Tantangan Empat Pimpinan KPK

Oleh Oce Madril

Ketua Komisi Pemberantasan Korupsi Antasari Azhar (AA) akhirnya ditetapkan sebagai tersangka. AA diduga terlibat sebagai intellectual dader (aktor intelektual) dalam kasus pembunuhan Direktur Utama PT Putra Rajawali Banjaran, Nasrudin Zulkarnaen.

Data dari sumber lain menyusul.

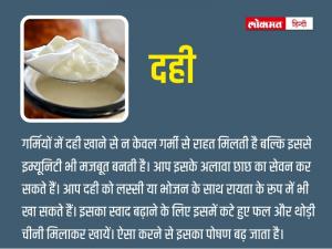 1 / 6गर्मियों में दही खाने से न केवल गर्मी से राहत मिलती है बल्कि इससे इम्यूनिटी भी मजबूत बनती है। आप इसके अलावा छाछ का सेवन कर सकते हैं। आप दही को लस्सी या भोजन के साथ रायता के रूप में भी खा सकते हैं। इसका स्वाद बढ़ाने के लिए इसमें कटे हुए फल और थोड़ी चीनी मिलाकर खायें। ऐसा करने से इसका पोषण बढ़ जाता है। 2 / 6नारियल अनगिनत स्वास्थ्य लाभ से भरा है और इसमें शरीर को ठंडा रखने के गुण हैं। यह सिंपल शुगर, इलेक्ट्रोलाइट्स और मिनरल्स से भरा हुआ है जो शरीर को अच्छी तरह से हाइड्रेटेड और पोषित रखने में मदद करते हैं।3 / 6ये ऐसे फल हैं जिनमें भारी मात्रा में पानी भरा हुआ होता है। यह फल पेट को भारी किये बिना आपकी भूख को शांत करते हैं। बस आपको गर्मियों में ऐसे फलों को खाने से बचना चाहिए जो पहले से कटे हुए हैं। इनमें वो सभी पोषक तत्व पाए जाते हैं जो इस कोरोना संकट में शरीर की मजबूती के लिए चाहिए। 4 / 6खीरा फाइबर और पानी से भरा होता है और इसलिए यह आपको हाइड्रेटेड रखने और कब्ज जैसे समस्या से बचाने में सहायक है। इसे अपने सलाद में भरपूर मात्रा में मिलाएं या दिन में जब भी आपको कुछ खाने का मन करे तो खीरा। हल्के नमक, काली मिर्च और चूने के साथ छिड़का हुआ, यह गर्मियों में कभी भी नाश्ते के लिए एक अच्छा विकल्प है।5 / 6पुदीना एक आसानी से उपलब्ध और एक सस्ती जड़ी बूटी है जिसका उपयोग आप चटनी, रायता, डिप्स और ताज़ा ठंडा पेय बनाने में कर सकते हैं। इसके ताज़ा और ठंडे स्वाद के कारण, यह कई गर्मियों के मसालों में एक प्रधान है। इसके नियमित सेवन से इम्यून पावर मजबूत होती है।6 / 6प्याज में अविश्वसनीय शीतलन गुण होते हैं। आप सब्जी के अलावा प्याज को रायता, सलाद और चटनी के रूप में खा सकते हैं। प्याज से बनी यह सभी चीजें शरीर को ठंडा रखने में मदद करती हैं। प्याज सनस्ट्रोक से सुरक्षा प्रदान कर सकता है।

Dugaan keterlibatan AA tersebut telah mengejutkan dunia penegakan hukum. Bagaimana tidak, kasus ini berhubungan dengan orang nomor satu di lembaga yang menjadi tumpuan harapan ratusan juta rakyat Indonesia terhadap pemberantasan korupsi.Dengan cepat, kasus ini merembes ke institusi KPK. Lembaga yang dianggap bak oase nan bersih di tengah gurun tandus nan kotor tersebut harus menjadi sasaran kritik publik karena ulah salah satu pimpinannya.

Citra buruk
Memang, harus diakui bahwa munculnya kasus ini telah mendegradasi tingkat kepercayaan publik terhadap KPK. Lembaga ini mampu menjaga integritasnya di tengah rontoknya integritas lembaga-lembaga penegak hukum lain. Dalam konteks yang lebih luas, kasus ini akan semakin menurunkan tingkat kepercayaan publik terhadap lembaga-lembaga penegak hukum, khususnya yang lahir usai reformasi.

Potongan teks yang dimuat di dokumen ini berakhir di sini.